После полувека жизни побывал я на месте нашей заимки. Там стояла, неприступно огороженная, дача в два этажа, с фасонистой крышей, вся в цветах, с теплицей средь огорода, с баней-сауной над обрывом, из трубы которой прямо в ключ, затем в Ману текла зловонная, мыльная вода. Средь стекла, грязи, банок я нашел обломочек старого кирпича, обожженного до керамической крепости и обмытого до стеклянного блеска, вытер его рукой и привез домой. На память.
А еще несколько лет спустя занесло меня в компании творческих людей, пристально вглядывающихся в современную действительность, на образцовый скотокомплекс, где тысячи коров отменной, продуктивной, по науке селекционированной породы, цвета старинной меди, стояли на бетонном полу, в тесной железной изгороди. Перед мордами коров двигалась лента с кормом, сзади по канаве разматывалась другая лента и увозила наружу назем; если требовалось пить, скотина тыкалась мордой в железную заслонку, и в нос ей ударяла вода. Гуляли коровы на улице, тоже в тесной загороди, и ни одна из них не имела имени, все они были под номерами, все одного цвета, роста, характера, и все они доились аппаратами. Передние дойки-сосцы у коров, даже по науке созданных, короче задних, самые же жирные капли молока — остатние, и надо продаивать корову до конца, и когда задние дойки дают последнее молоко, из передних все уже выдоено, а неумолимый казенный аппарат терзает безответную и бессловесную скотину, и тонкие ниточки крови начинают прошивать по белым трубочкам текущее молоко.

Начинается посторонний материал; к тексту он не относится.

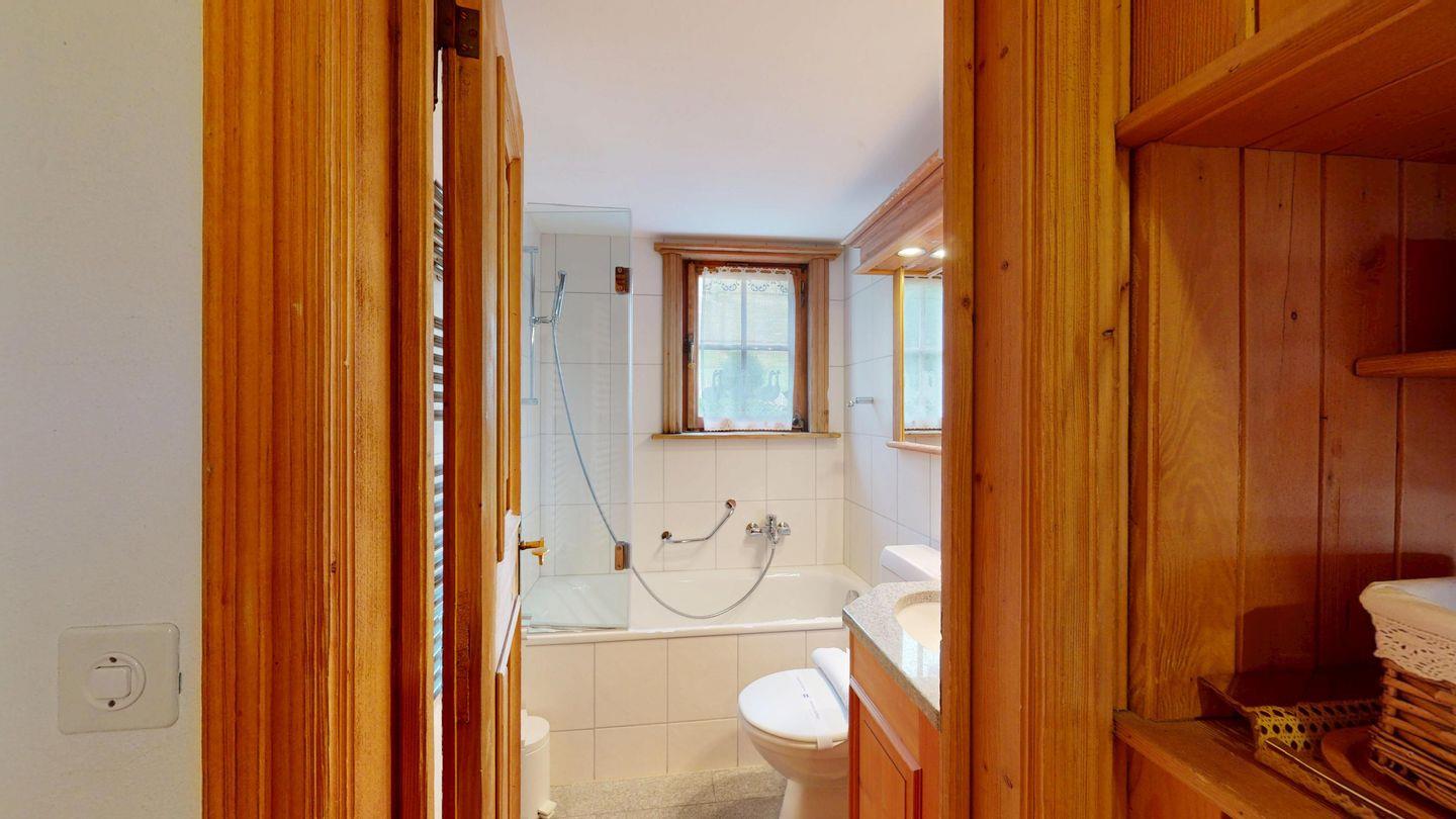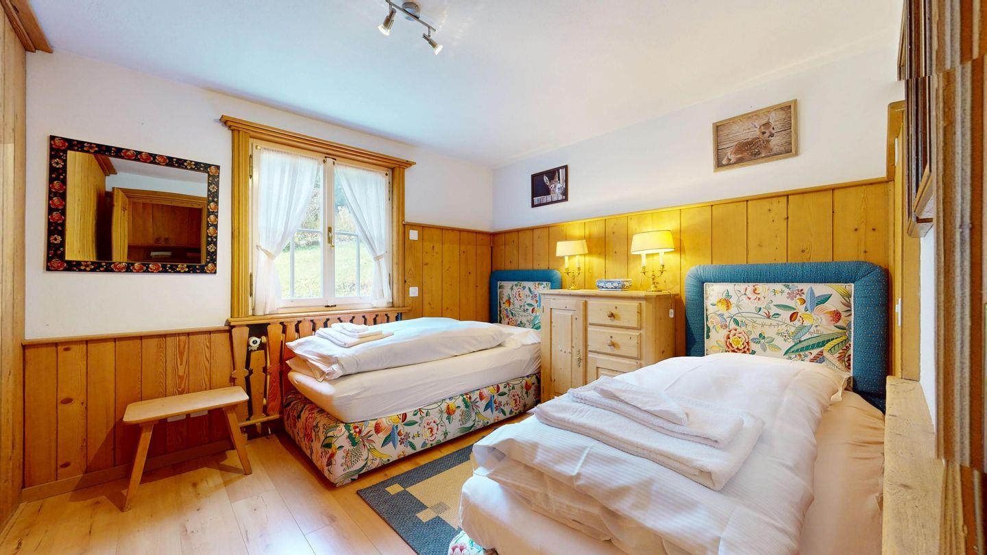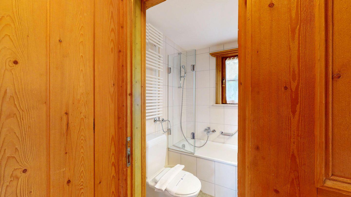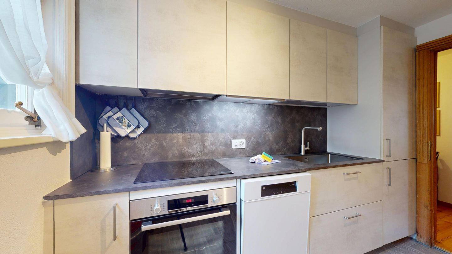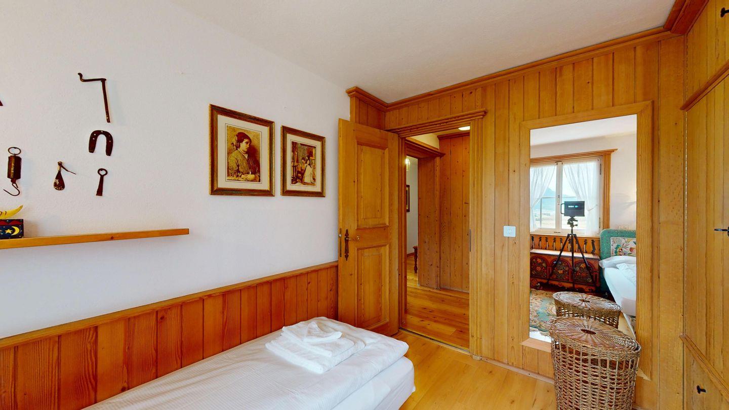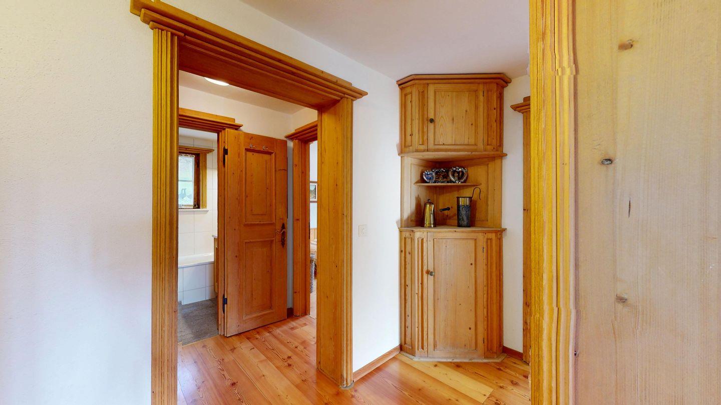 6-Zimmerwohnung im Erdgeschoss. Entree mit Garderobe. Wohn-/ Esszimmer mit Terrasse und Bergsicht, separate Küche mit Backofen, Kühlschrank, Chicco d'Oro Kaffeemaschine und Geschirrspülmaschine. Zwei Schlafzimmer mit je einem Doppelbett. Zwei Zimmer mit je zwei Einzelbetten. Ein Zimmer mit zwei Kinderbetten. Drei Badezimmer mit Badewanne/WC/Lavabo. TV und Internet. Holzböden im Schlaf- und Wohnzimmer. Garagenbox für ein Fahrzeug. Garage für ein Fahrzeug. Aussenparkplatz vor der Box. Ski und Skischuhe können im Skiraum oder in der Garage deponiert werden. Nichtraucherwohnung. Haustiere sind nicht erlaubt.
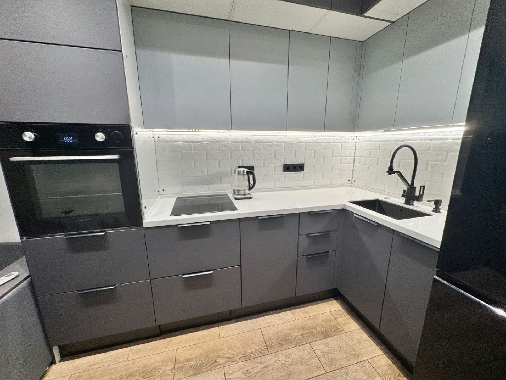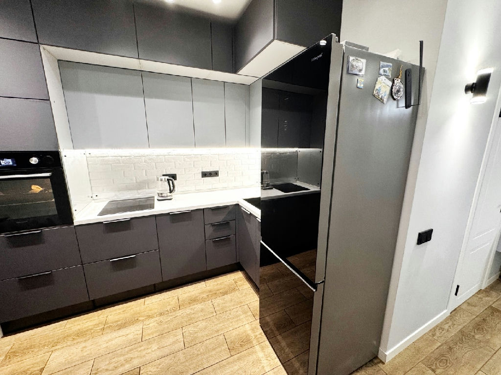 - Вся мебель изготовлена на заказ под эту квартиру, фасады эмалированные, фурнитура с доводчиками.

Животное, которое на комплексе впадает в апатию или непослушание, начинает ли заигрывать друг с другом, а то и посасывать молоко у соседки, немедленно выбраковывается и отправляется на мясокомбинат. Живут активной, плодотворной жизнью, стало быть, едят, доятся и творят навоз на удобрения коровы на этом гиганте предприятии семь-восемь месяцев.
Я не сдержался и спросил у директора комплекса, не жалко ли ему животных?
— Я — крестьянский сын, — без зла, но хмуро ответил мне директор, — и такие вопросы, товарищ писатель, если вы считаете себя гуманистом, задавать жестоко.
Я сжал в кармане крошку кирпича с родной заимки, хранимую мной до сих пор, и подумал: не надо искать истоки жестокости людей современного мира только за морями-океанами, в войнах, в битвах, в горах, в лесах. И любовь, и жестокость часто находятся гораздо ближе, чем мы думаем, порой совсем они рядом с нами, а то и в нас самих. И всегда при виде спокойных и грустных животных, вековечных наших кормилиц, возникала передо мной блаженная пора деревенского предвечерья. Все дневные хлопоты, крики, звоны ботал и колокольцев, привычная ругань на непослушную или неповоротливую скотину, всякий стук и бряк обрывались — на селе начиналась дойка коров.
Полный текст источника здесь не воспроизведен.